When it is said that "$X$ is closed under binary operation $\circ$", it means that for any $a$ and $b$ in $X$, $a \circ b$ is in $X$. It is easy to prove (by a simple induction) that any finite sum is therefore closed in $X$.

However, infinite sums are defined with a limit (of the partial sums), which means they don't just depend on the operation $\circ$, but also require a topological structure defined on $X$. Now the integers $\mathbb{Z}$ do have a standard topological structure in addition to their algebraic structure, it's the discrete topology, and it comes from the order on $\mathbb{Z}$. However, in this system, there is actually no limit of the sequence of partial sums $1$, $1 - 2$, $1 - 2 + 3$, ... (*) and so no infinite sum. In fact, an infinite sum of integers can only have a limit if all but finitely many of its terms are $0$. Another subtle flaw is that when you took a "derivative", that means you passed from $\mathbb{Z}$ to $\mathbb{R}$, and evaluated a function on $\mathbb{R}$ on the right side, to obtain a "sum" for the left (which may be a valid technique, giving a form of "divergent summation", but it's important to remember this is actually a generalization beyond the usual and strict "limit" definition of infinite summation).
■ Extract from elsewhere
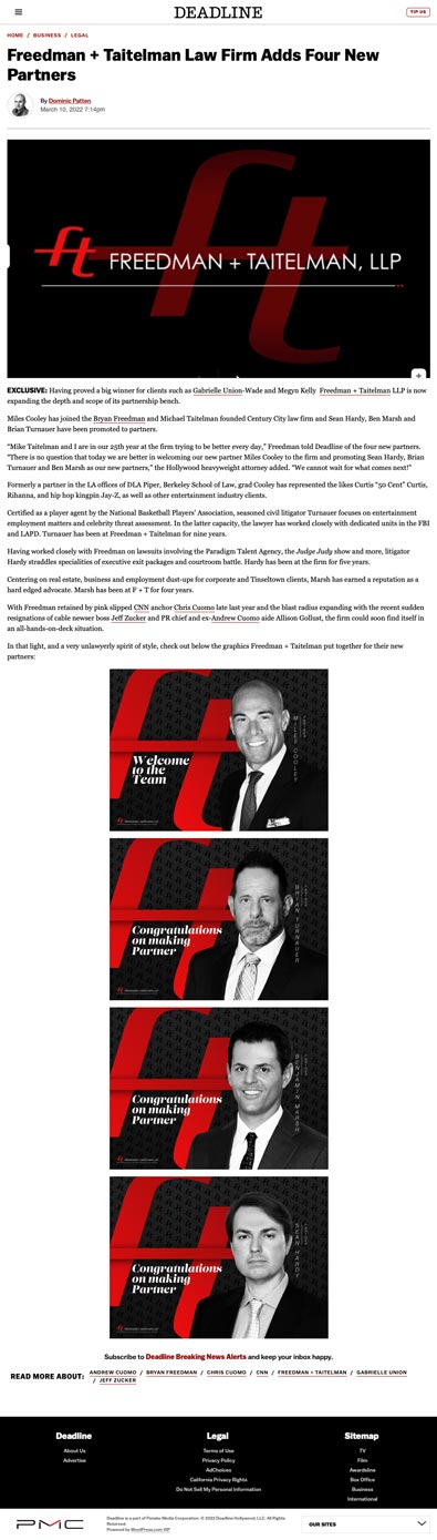 “Mike Taitelman and I are in our 25th year at the firm trying to be better every day,” Freedman told Deadline of the four new partners. “There is no question that today we are better in welcoming our new partner Miles Cooley to the firm and promoting Sean Hardy, Brian Turnauer and Ben Marsh as our new partners,” the Hollywood heavyweight attorney added. “We cannot wait for what comes next!”

So you left the integers, and thus it is no surprise you'd get a non-integer result. The important point to remember though is that infinite sums and finite sums are not the same thing -- one is purely algebraic, the other leverages additional (topological) structure on the set in question, and closure is strictly algebraic.
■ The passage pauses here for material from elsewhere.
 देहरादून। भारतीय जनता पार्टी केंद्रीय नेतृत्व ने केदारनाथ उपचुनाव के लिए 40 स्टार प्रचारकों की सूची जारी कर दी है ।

Finally, it's important to note that this series doesn't have a sum in $\mathbb{R}$ either in the strict, limit sense.

Summation is defined to be finite. Infinite series are just limit of a sequence which is defined as partial sums.

The integers, if so, are closed under finite sums. And therefore by definition, closed under summation.
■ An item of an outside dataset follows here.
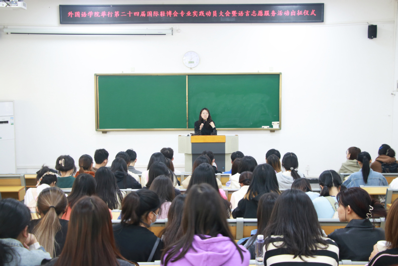 第二十四届中国(晋江)国际鞋业暨第七届国际体育产业博览会将于4月19日至22日在福建晋江举办。自2007年起,外国语学院坚持选派师生参加一年一度的晋江鞋博会,积极响应“一带一路”倡议,参与建设“21世纪海上丝绸之路”先行区。为进一步提高学院学生专业素质技能,提升志愿服务工作能力,并确保同学们的人身安全,4月10日中午,外国语学院于外文楼112教室举行第二十四届国际鞋博会专业实践动员大会暨语言志愿服务活动出征仪式。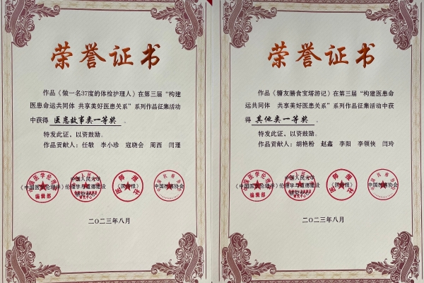 《做一名37度的体检护理人》获医患故事一等奖,该故事以体检护理的视角出发,与患者感同身受,点滴中为患者着想;《糖友膳食宝塔游记》获得其他类一等奖,该作品用生动有趣的方式讲述了“糖友”的日常食谱搭配,为患者带来有价值的科普知识。《生命的快道》《心桥》获得微视频类二等奖;《李鹏教授:让孩子健康的活一辈子》《祝!康复!》获得故事类二等奖;《动起来,对结石说拜拜!》《关于人工授精那些事儿》获得其他类二等奖。

The series representation $$ 1+z+z^2+\ldots=\frac{1}{1-z} $$ is only valid for $|z|<1$ (in the sense that the left-hand side converges only in that region of the complex plane). So you can't assert this equality (or any of its derivatives) at $z=-1$: the sum $1-1+1-1+\ldots \neq 1/2$, at least not without an agreed-upon convention for the meaning or value of a non-convergent series. The problem doesn't have to do with infinity in this case, and the closure of $\mathbb{Z}$ is safe: the sum of an infinite series of integers will be an integer if the sum converges at all. (Of course, it can only converge if there are only finitely many nonzero terms.) In other cases, though, a group that is closed under finite summation may well not be closed under "infinite summation" (e.g., $\mathbb{Q}$ doesn't contain all of its limit points); you could reasonably say that "infinity is the problem" there.